The Mashers are an offshoot of the Pinellas Urban Brewers Guild, founded by Greg Rapp, and it's likely you'll be hearing a lot more from these folks. Home brewers are the foundation of the local craft beer scene, experimenting with different styles, and supporting local breweries, festivals and craft-beer pubs with enthusiasm.
Still, there was a big draw for the myriad offerings from the booming number of local breweries like Rapp Brewing — Rapp was still a home brewer planning to turn pro at this time last year. Justin Stange, head brewer and co-owner of 7venth Sun, said these local concoctions are the biggest change in the evolution of the IPA fest.
"Now we're getting a lot of fresh IPA's,'' Stange said, "beer from within a few miles from here."
That includes 7venth Sun, which opened at the beginning of last year just a couple blocks from Dunedin Brewery, Florida's oldest craft brewery.

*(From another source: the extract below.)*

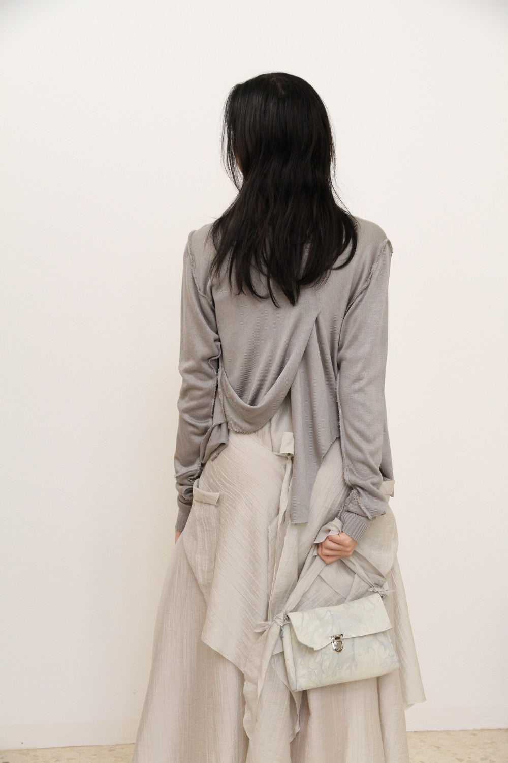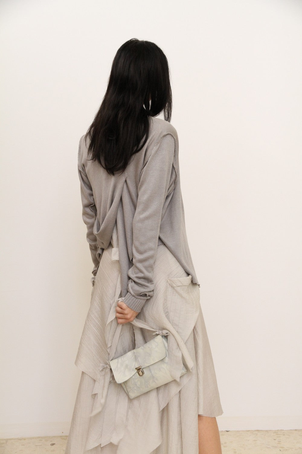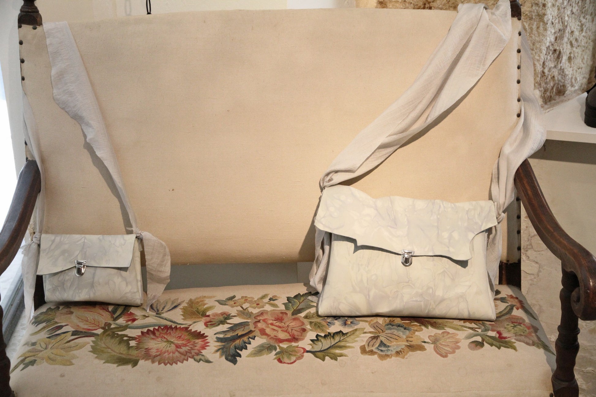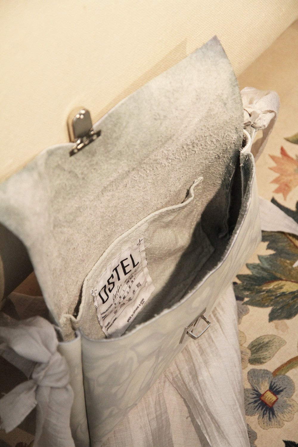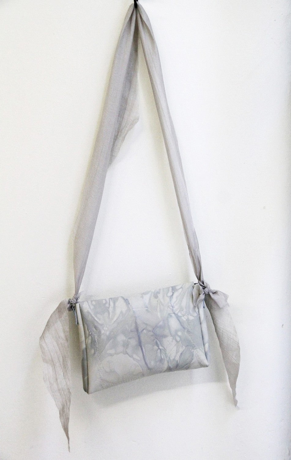 Bolso de piel sintética teñida de forma natural (vegana), con cierre metálico y cinta de viscosa.

If you attended the fest, then you know about the IPA pairings that were offered. My favorite pairing of the night was Dunedin's American Classic with 7venth Sun's Summer Camp, the latter is the second in a series of summer session IPA's made with citra and galaxy hops and house yeast. At 3.8 percent, it had a dry finish that paired well with the hoppier, slightly sweeter American Classic.
Sure, there were some out of town IPA's, too, including Sweewater, Stone, Terrapin and Ballast Point. But you can't try everything — OK, I can't try everything — so I stuck with the local stuff.
Another change in the fest was the addition of fans of Dopapod, the funky, jazzy, prog-electronica rock outfit that drew plenty of young non-beer-geeks to liven up the atmosphere. See Nicole Abbett's review and photos here. And those beer geeks who were not Dopapod fans? They jammed too, especially when the sky opened up with a deluge of rain that had nearly everyone crowded inside for cover.
But if you're going to be trapped by a deluge, a beer fest with great music isn't a bad place to be.